=== SUPPLIED DATA ===

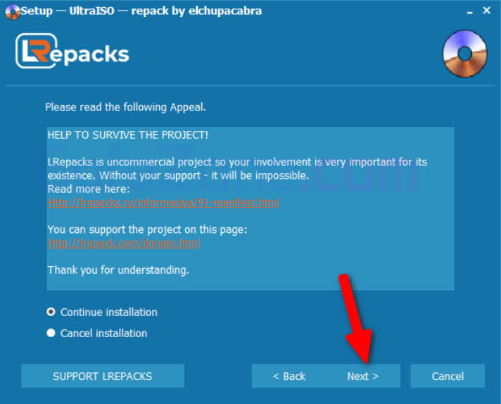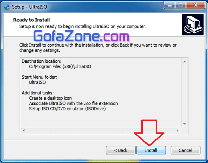 Bấm nút Install và đợi chút cho phần mềm UltraISO cài đặt.
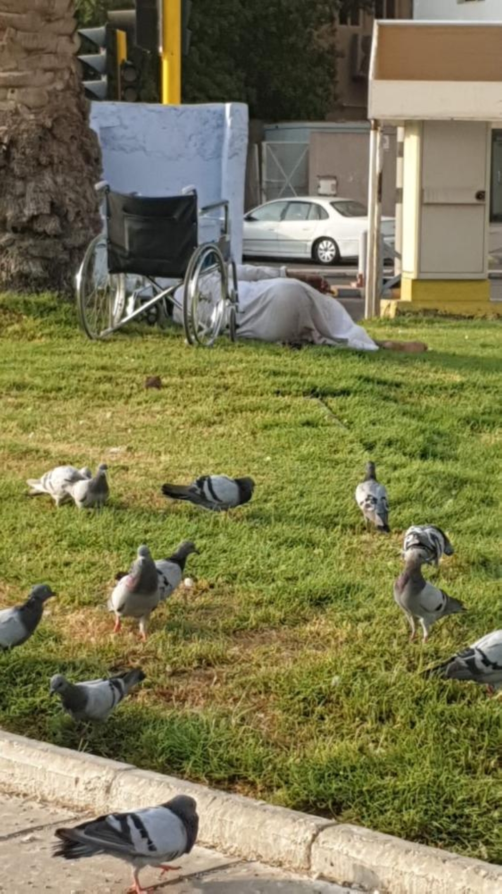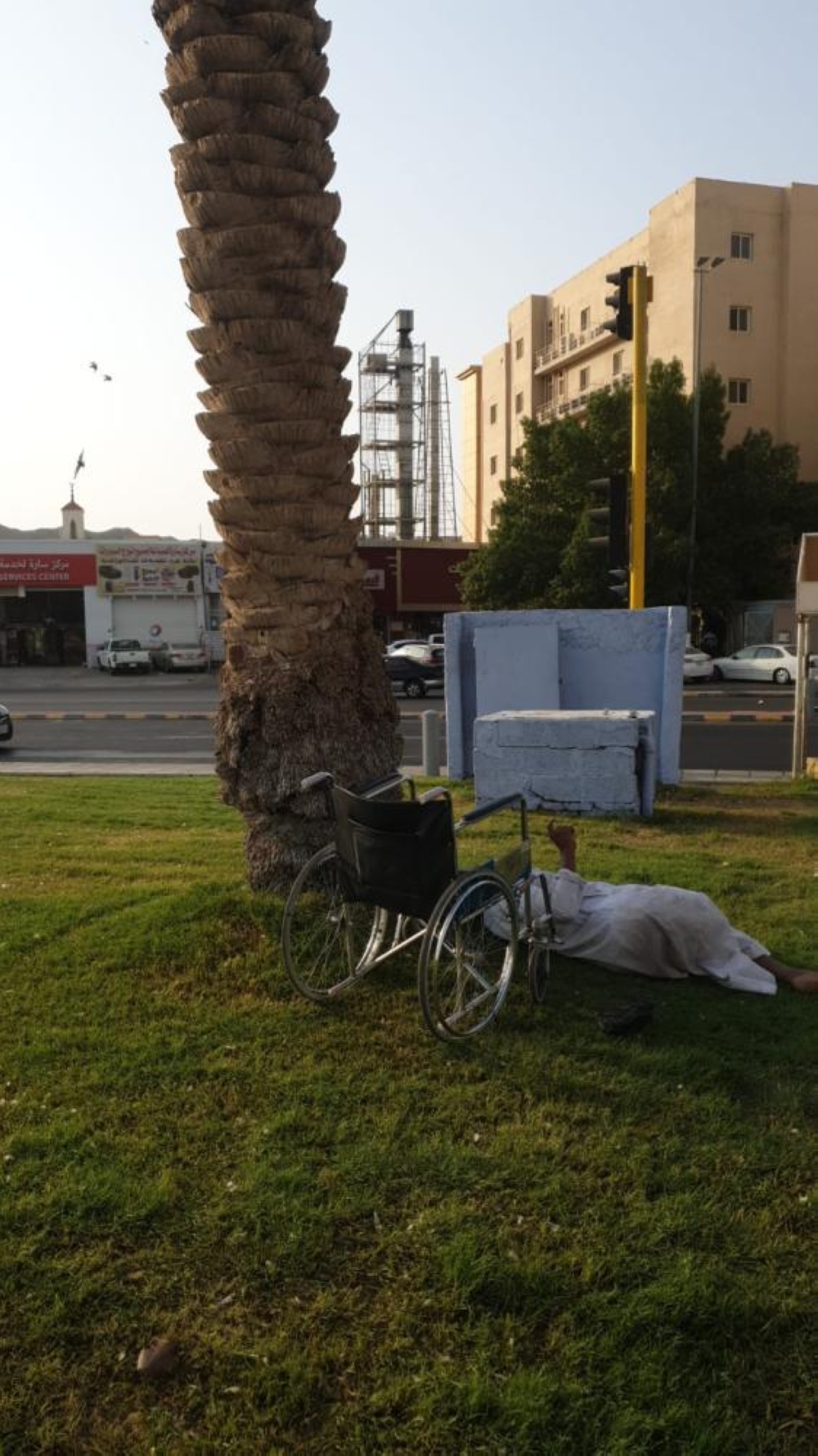 وأضاف أن المشرد، ظل ملازماً للموقع لأكثر من 8 سنوات، ومصاب بداء السكري، والذي جعله مصابًا بالغرغرينا بإحدى قدميه، مما أدى إلى بترها قبل سنة ونصف، مبينا على الصعيد ذاته أن الشخص يلجأ خلال فترة النهار إلى المواقع القريبة، من موقع الإشارة المرورية بعربته المتحركة، وخلال فترة الليل يعود للموقع، وهو الأمر الذي مازال يعمل عليه طيلة تلك السنوات.
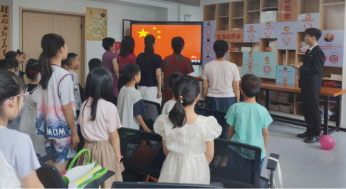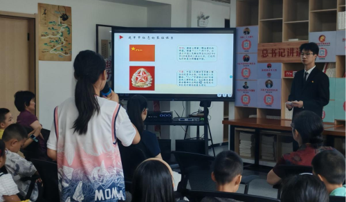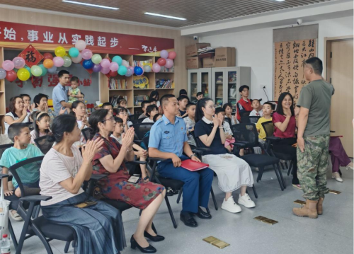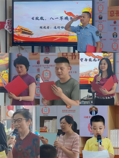 (本网讯 洪雨溪)8月1日,湖北职业技术学院财经与旅游学院“锋”华正茂志愿服务队联合孝感市孝南区广场街道晒书台社区、孝南区朗诵艺术家协会、孝南区青年志愿者协会、孝感朗读者,在书山居爱心托管班开展“传承红色基因,致敬铁血军魂”朗诵会主题活动,带领现场人员回顾人民军队光辉历程,汲取奋进力量。
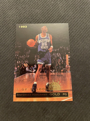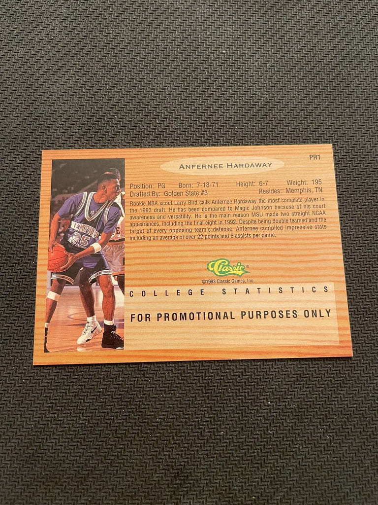 This is a nice example of a 1993 Classic Four Sport #PR1 Anfernee Hardaway Gold.
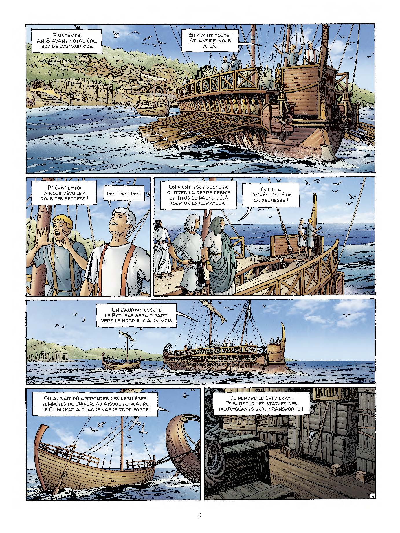 Après avoir finalement achevé la construction de leur navire, Alix et ses compagnons partent en direction de l'Atlantide avec quelque Gaulois. Mais rapidement les tensions éclatent, pour finalement exploser lors d'un conflit entre les Gaulois et une tribu autochtone que l'équipage croisera. Mais la convoitise et la haine atteindra son paroxysme lorsque l'équipage arrivera finalement sur les rives de l'Atlantide : plus que jamais, la présence des dieux semble bien néfaste aux yeux d'Alix et de ses compagnons.
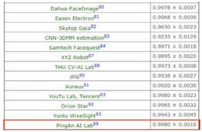 5月9日,國(guó)際權(quán)威人臉識(shí)別數(shù)據(jù)庫(kù)LFW(Labeled Faces in the Wild)最新公布的測(cè)試結(jié)果顯示,平安集團(tuán)旗下平安科技的人臉識(shí)別技術(shù)以99.8%的識(shí)別精度和最低的波動(dòng)幅度領(lǐng)先國(guó)內(nèi)外知名公司,位居世界第一。該精度為L(zhǎng)FW所公布的最佳成績(jī),也是平安科技人工智能實(shí)驗(yàn)室取得的里程碑式成果。此外,經(jīng)國(guó)家公安部第三研究所認(rèn)證中心權(quán)威認(rèn)證,平安科技人臉識(shí)別技術(shù)同樣獲得識(shí)別精度99.84%的檢測(cè)結(jié)果,并榮獲檢測(cè)報(bào)告證書。
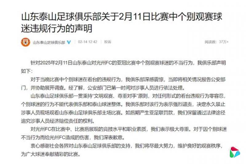 山东泰山称,一贯秉持“文明观赛、尊重对手”原则,对任何形式的看台违规行为零容忍,个别球迷的行为不能代表俱乐部和泰山球迷整体。对该行为表示强烈谴责,决定永久禁止涉事人员现场观看山东泰山主场比赛。
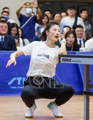 奧運金牌得主、中國桌球好手丁寧(前)17日與陸生參訪團一同造訪政治大學,並下場與學生交流球技,現場展示招牌動作「下蹲砍式發球」。
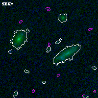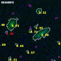 Object #5155 x,y = (3555, 1190) RA, Dec = (00:32:06.816, 18:06:34.20) = (8.02840, 18.10950) BPZ = 0.719 [0.327--1.722] type = 7.70 (SB1_B10 - Scd_B10) chisq2 = 0.03 ODDS = 0.18 z_cluster = 0.396

===

_INSTRUCTIONS FOR THE TASK_
For this exercise, transcribe the entries verbatim and skip all pictures.

_TASK ANSWER_
 Bấm nút Install và đợi chút cho phần mềm UltraISO cài đặt.
 وأضاف أن المشرد، ظل ملازماً للموقع لأكثر من 8 سنوات، ومصاب بداء السكري، والذي جعله مصابًا بالغرغرينا بإحدى قدميه، مما أدى إلى بترها قبل سنة ونصف، مبينا على الصعيد ذاته أن الشخص يلجأ خلال فترة النهار إلى المواقع القريبة، من موقع الإشارة المرورية بعربته المتحركة، وخلال فترة الليل يعود للموقع، وهو الأمر الذي مازال يعمل عليه طيلة تلك السنوات.
 (本网讯 洪雨溪)8月1日,湖北职业技术学院财经与旅游学院“锋”华正茂志愿服务队联合孝感市孝南区广场街道晒书台社区、孝南区朗诵艺术家协会、孝南区青年志愿者协会、孝感朗读者,在书山居爱心托管班开展“传承红色基因,致敬铁血军魂”朗诵会主题活动,带领现场人员回顾人民军队光辉历程,汲取奋进力量。
 This is a nice example of a 1993 Classic Four Sport #PR1 Anfernee Hardaway Gold.
 Après avoir finalement achevé la construction de leur navire, Alix et ses compagnons partent en direction de l'Atlantide avec quelque Gaulois. Mais rapidement les tensions éclatent, pour finalement exploser lors d'un conflit entre les Gaulois et une tribu autochtone que l'équipage croisera. Mais la convoitise et la haine atteindra son paroxysme lorsque l'équipage arrivera finalement sur les rives de l'Atlantide : plus que jamais, la présence des dieux semble bien néfaste aux yeux d'Alix et de ses compagnons.
 5月9日,國(guó)際權(quán)威人臉識(shí)別數(shù)據(jù)庫(kù)LFW(Labeled Faces in the Wild)最新公布的測(cè)試結(jié)果顯示,平安集團(tuán)旗下平安科技的人臉識(shí)別技術(shù)以99.8%的識(shí)別精度和最低的波動(dòng)幅度領(lǐng)先國(guó)內(nèi)外知名公司,位居世界第一。該精度為L(zhǎng)FW所公布的最佳成績(jī),也是平安科技人工智能實(shí)驗(yàn)室取得的里程碑式成果。此外,經(jīng)國(guó)家公安部第三研究所認(rèn)證中心權(quán)威認(rèn)證,平安科技人臉識(shí)別技術(shù)同樣獲得識(shí)別精度99.84%的檢測(cè)結(jié)果,并榮獲檢測(cè)報(bào)告證書。
 山东泰山称,一贯秉持“文明观赛、尊重对手”原则,对任何形式的看台违规行为零容忍,个别球迷的行为不能代表俱乐部和泰山球迷整体。对该行为表示强烈谴责,决定永久禁止涉事人员现场观看山东泰山主场比赛。
 奧運金牌得主、中國桌球好手丁寧(前)17日與陸生參訪團一同造訪政治大學,並下場與學生交流球技,現場展示招牌動作「下蹲砍式發球」。
 Object #5155 x,y = (3555, 1190) RA, Dec = (00:32:06.816, 18:06:34.20) = (8.02840, 18.10950) BPZ = 0.719 [0.327--1.722] type = 7.70 (SB1_B10 - Scd_B10) chisq2 = 0.03 ODDS = 0.18 z_cluster = 0.396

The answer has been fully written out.